WHEREAS, the Board of Directors ("Board") of the Company considers the
maintenance of a vital management group to be essential in protecting and
enhancing the best interests of the Company and its shareholders;
WHEREAS, the Board recognizes that the possibility of a Change in Control
(as hereinafter defined) exists and that the threat of or the occurrence of a
Change in Control can result in significant distractions of its key management
personnel because of the uncertainties inherent in such a situation;
WHEREAS, the Board has determined that it is in the best interest of the
Company and its shareholders to ensure the Employee's continued dedication and
efforts on behalf of the Company; and
WHEREAS, in order to induce the Employee to remain in the employ of the
Company, particularly in the event of a threat of or the occurrence of a Change
in Control and to dispel any concerns that the Employee may have about taking an
active part in the defense against an inappropriate attempt to bring about a
Change in Control of the Company, the Company desires to enter into this
Agreement with the Employee to provide the Employee with certain payments and
benefits in the event that his employment with the Company is terminated as a
result of, or in connection with, a Change in Control.
NOW, THEREFORE, in consideration of the mutual agreements herein set forth,
the legal sufficiency and adequacy of which are hereby acknowledged, the parties
agree as follows:
1. Employment. Employee acknowledges that he is employed with the Company
pursuant to an Employment Agreement dated May 23, 1997 and hereby agrees that to
the extent any provision of this Agreement should be contrary to any provision
of the Employment Agreement, the terms of this Agreement shall control.
2. Definitions. For purposes of this Agreement, the following terms have
the meanings indicated:
(A) "Acquiring Person" shall mean any Person (as such term is
hereinafter defined) who or which, together with all Affiliates (as such term is
hereinafter defined) and Associates (as such term is hereinafter defined) of
such Person, shall be the Beneficial Owner (as such term is hereinafter defined)

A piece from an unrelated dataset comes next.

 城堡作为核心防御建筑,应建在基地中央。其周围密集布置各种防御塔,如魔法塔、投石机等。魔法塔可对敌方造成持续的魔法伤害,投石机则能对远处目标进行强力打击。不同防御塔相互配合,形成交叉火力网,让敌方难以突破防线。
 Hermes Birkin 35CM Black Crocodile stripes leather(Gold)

of thirty-three percent (33%) or more of the shares of Common Stock then
outstanding, but shall not include (i) the Company, (ii) any Subsidiary of the
Company, (iii) any employee benefit plan or employee stock plan of the Company
or of any Subsidiary of the Company, (iv) any dividend reinvestment plan of the
Company, or (v) any Person or entity organized, appointed, or established by the
Company for or pursuant to the terms of such plan. Notwithstanding the
foregoing, no Person shall become an "Acquiring Person" as the result of an
acquisition of Common Stock by the Company which, by reducing the number of
shares outstanding, increases the proportionate number of shares beneficially
owned by such Person to thirty-three percent (33%) or more of the Common Stock
of the Company then outstanding; provided, however, that if a Person shall
become the Beneficial Owner of thirty-three (33%) or more of the Common Stock of
the Company, then outstanding by reason of such an acquisition and shall, after
such acquisition, become the Beneficial Owner of any additional
{PAGE}
shares of Common Stock, then such Person shall be deemed to be an "Acquiring
Person." In addition, notwithstanding the foregoing, if the Board of Directors
of the Company determines in good faith that a Person who would otherwise be an
"Acquiring Person," as defined pursuant to the foregoing provisions of this
Paragraph (A), has become such inadvertently, and such Person divests as
promptly as practicable a sufficient number of shares of Common Stock so that
such Person would no longer be an "Acquiring Person" as defined pursuant to the
foregoing provisions of this Paragraph (A), then such Person shall not be deemed
to be an "Acquiring Person" for any purposes of this Agreement.
(B) "Affiliate" and "Associate" shall have the respective meanings
ascribed to such terms in Rule 12b-2 of the General Rules and Regulations under
the Securities Exchange Act of 1934, as amended (the "Exchange Act").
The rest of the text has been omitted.